Here one log snippet: 03.05.2012 22:25:33 | Albert@Home | [rr_sim_detail] 339385.57: starting p2030.20110421.G41.06+00.53.N.b6s0g0.00000_1448_2 (1.00 CPU + 1.00 ATI)

Oh, driver version 12.3 as far as I read it there that high CPU usage is solved.

Christoph

Bikeman (Heinz-...

Joined: 28 Aug 06

Posts: 164

Credit: 1864017

RAC: 0

RE: So, my questions

3 May 2012 20:27:55 UTC

Message 79210 in response to message 79203

(moderation:

)

Quote:

So, my questions are:
* What is checkpointing? An intermidiate state (variables) save in case calculations get interrupted and you don't have to start over?

Exactly

Quote:

* Is the aitOpenCl app checkpointing more? Or is it that the two apps are doing the same amount of work (calcs), and it's just that the CUDA app/GTX 560 is doing more work per unit time and therefore only needs to checkpoint 5 vs. my 20 times?

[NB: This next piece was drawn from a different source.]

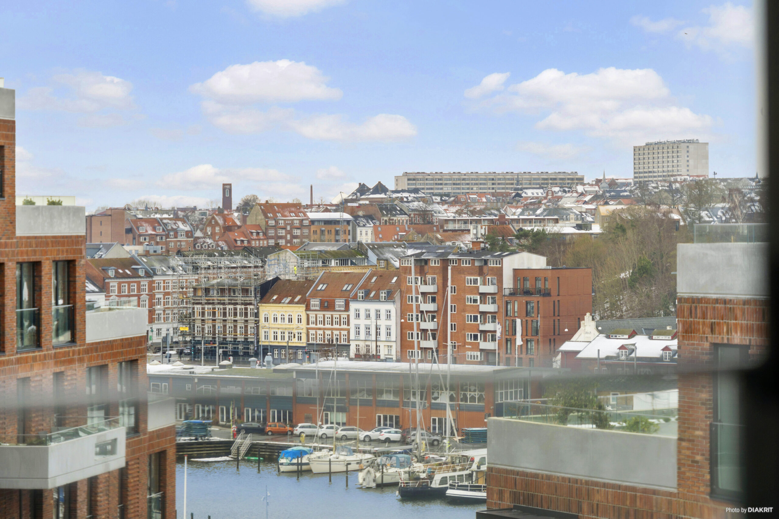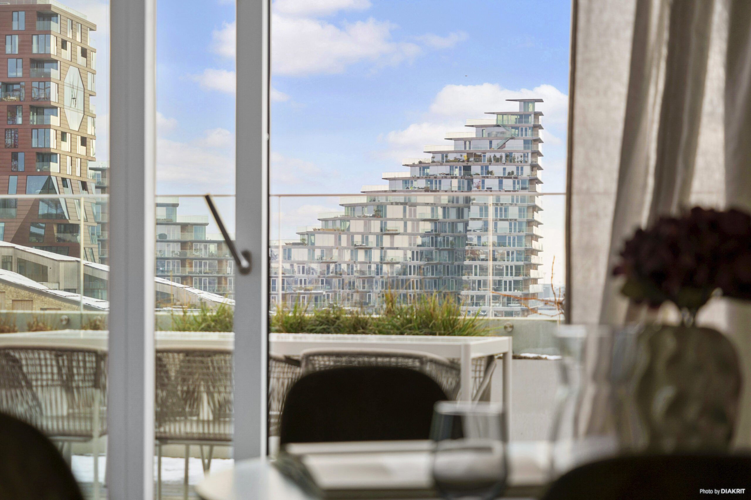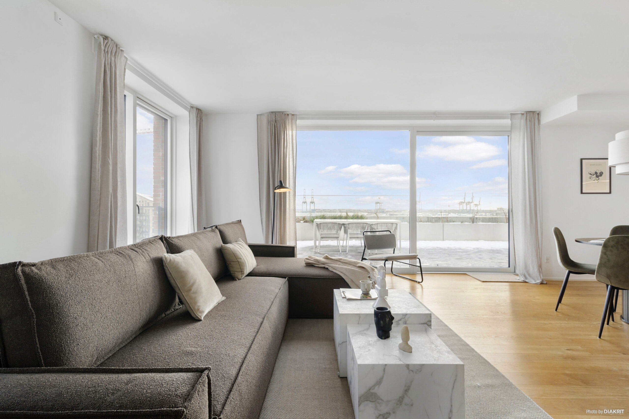 3 rooms, 125 m², with a 66 m² panoramic terrace overlooking the maritime life of Aarhus Ø.

By default, all apps are checkpointing every 60 seconds. All workunits, whether they will get picked up by a CPU, NVIDIA GPU or ATI GPU will do the same amount of work, but the faster the processing is, the fewer checkpoints will happen during the execution time.

Quote:

* Is the GTX 560/CUDA app really 4x (20/5=4) than the HD6950/AtiOpenCl? The 6950 shows 2253 SP GFLOPS vs. the GTX 560 SP GFLOPS of 1088.6.
http://en.wikipedia.org/wiki/Comparison_of_AMD_graphics_processing_units
http://en.wikipedia.org/wiki/Comparison_of_Nvidia_graphics_processing_units

Well, the Flops numbers are just theoretical peak performance and not too meaningful. But anyway, it's fair to say that our CUDA app and the libraries we used with it are more mature and optimized than our OpenCL app. We have some ideas in the pipeline how to further improve the OpenCL app and hopefully we can implement them in a timeframe of weeks rather than months, stay tuned.

Quote:

To semi-answer that, GPU Time indicates a 2.503x increase for the GTX560/CUDA vs. the AtiOpenCl/HD6950. The CPU time for the CUDA app is ,however, 4.24x less than that of the OpenCl app. Anandtech Bench shows the 2500k vs. my AMD 975BE to be slightly better in single-threaded, multi-threaded, and total MIPS (7-Zip test), but nothing earth shattering.
http://www.anandtech.com/bench/Product/288?vs=435

I know you said before that the OpenCl app uses way more CPU than the CUDA app. Perhaps the OpenCl standard is still yet immature, AMD has crappy drivers, or a mix of both? Regardless, I really commend everyone's efforts. Having done a fair bit of coding myself, I know what a pain this can all be.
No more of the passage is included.